**Given information**
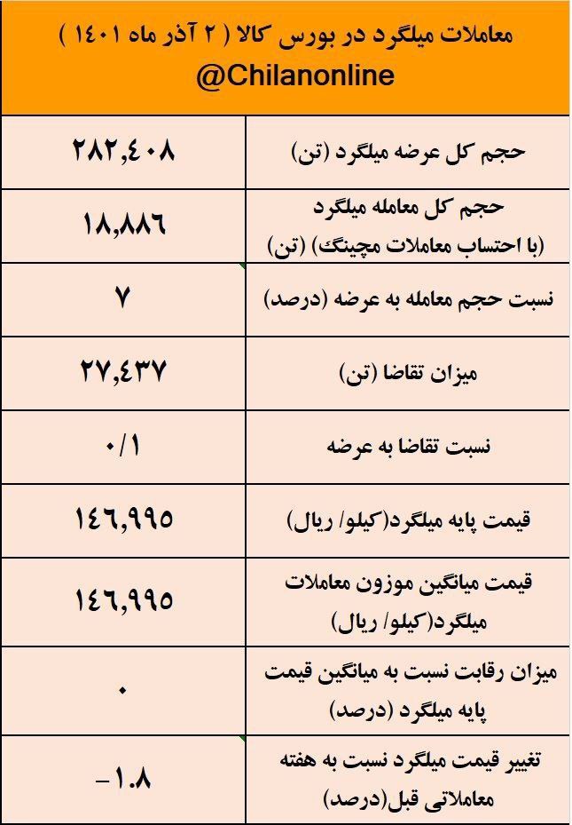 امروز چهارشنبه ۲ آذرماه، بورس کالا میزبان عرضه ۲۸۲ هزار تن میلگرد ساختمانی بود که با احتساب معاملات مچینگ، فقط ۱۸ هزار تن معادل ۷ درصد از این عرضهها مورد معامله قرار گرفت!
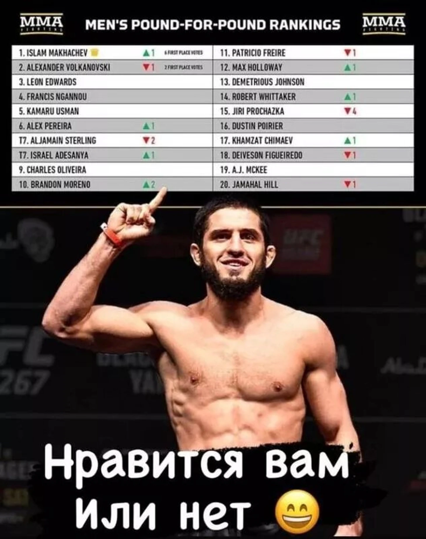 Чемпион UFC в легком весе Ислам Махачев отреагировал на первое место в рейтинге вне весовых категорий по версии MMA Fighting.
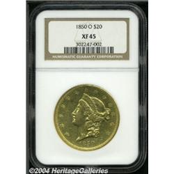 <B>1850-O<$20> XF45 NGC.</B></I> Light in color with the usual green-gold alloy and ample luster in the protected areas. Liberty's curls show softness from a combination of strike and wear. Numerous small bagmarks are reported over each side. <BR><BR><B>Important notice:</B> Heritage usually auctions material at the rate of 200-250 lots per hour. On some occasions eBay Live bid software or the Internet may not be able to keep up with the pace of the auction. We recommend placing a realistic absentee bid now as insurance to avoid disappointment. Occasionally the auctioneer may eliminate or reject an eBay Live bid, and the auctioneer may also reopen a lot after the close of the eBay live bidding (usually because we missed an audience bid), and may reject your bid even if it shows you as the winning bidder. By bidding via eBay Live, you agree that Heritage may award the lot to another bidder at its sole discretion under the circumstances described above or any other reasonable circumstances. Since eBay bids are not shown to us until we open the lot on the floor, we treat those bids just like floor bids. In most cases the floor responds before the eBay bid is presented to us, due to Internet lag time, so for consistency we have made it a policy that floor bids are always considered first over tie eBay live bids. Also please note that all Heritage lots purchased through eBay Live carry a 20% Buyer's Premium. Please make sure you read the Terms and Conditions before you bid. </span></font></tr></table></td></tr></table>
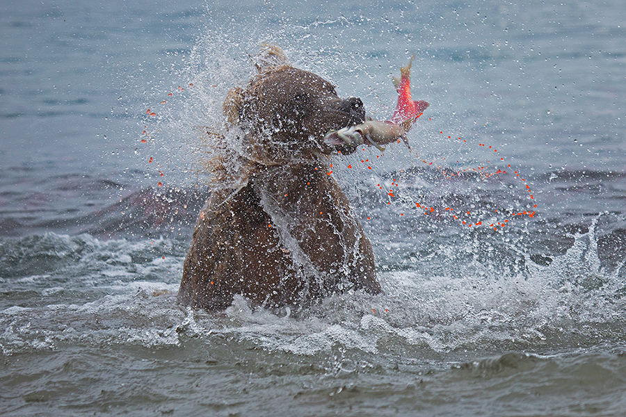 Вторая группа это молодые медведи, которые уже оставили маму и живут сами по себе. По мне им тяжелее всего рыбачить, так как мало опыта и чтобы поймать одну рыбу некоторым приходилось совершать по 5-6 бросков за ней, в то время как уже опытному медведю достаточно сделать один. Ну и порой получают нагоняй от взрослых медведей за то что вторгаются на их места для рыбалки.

**Exercise description**
Pictures in the data above should not be copied; transcribe everything else exactly.

**Solution for this exercise**
 امروز چهارشنبه ۲ آذرماه، بورس کالا میزبان عرضه ۲۸۲ هزار تن میلگرد ساختمانی بود که با احتساب معاملات مچینگ، فقط ۱۸ هزار تن معادل ۷ درصد از این عرضهها مورد معامله قرار گرفت!
 Чемпион UFC в легком весе Ислам Махачев отреагировал на первое место в рейтинге вне весовых категорий по версии MMA Fighting.
 <B>1850-O<$20> XF45 NGC.</B></I> Light in color with the usual green-gold alloy and ample luster in the protected areas. Liberty's curls show softness from a combination of strike and wear. Numerous small bagmarks are reported over each side. <BR><BR><B>Important notice:</B> Heritage usually auctions material at the rate of 200-250 lots per hour. On some occasions eBay Live bid software or the Internet may not be able to keep up with the pace of the auction. We recommend placing a realistic absentee bid now as insurance to avoid disappointment. Occasionally the auctioneer may eliminate or reject an eBay Live bid, and the auctioneer may also reopen a lot after the close of the eBay live bidding (usually because we missed an audience bid), and may reject your bid even if it shows you as the winning bidder. By bidding via eBay Live, you agree that Heritage may award the lot to another bidder at its sole discretion under the circumstances described above or any other reasonable circumstances. Since eBay bids are not shown to us until we open the lot on the floor, we treat those bids just like floor bids. In most cases the floor responds before the eBay bid is presented to us, due to Internet lag time, so for consistency we have made it a policy that floor bids are always considered first over tie eBay live bids. Also please note that all Heritage lots purchased through eBay Live carry a 20% Buyer's Premium. Please make sure you read the Terms and Conditions before you bid. </span></font></tr></table></td></tr></table>
 Вторая группа это молодые медведи, которые уже оставили маму и живут сами по себе. По мне им тяжелее всего рыбачить, так как мало опыта и чтобы поймать одну рыбу некоторым приходилось совершать по 5-6 бросков за ней, в то время как уже опытному медведю достаточно сделать один. Ну и порой получают нагоняй от взрослых медведей за то что вторгаются на их места для рыбалки.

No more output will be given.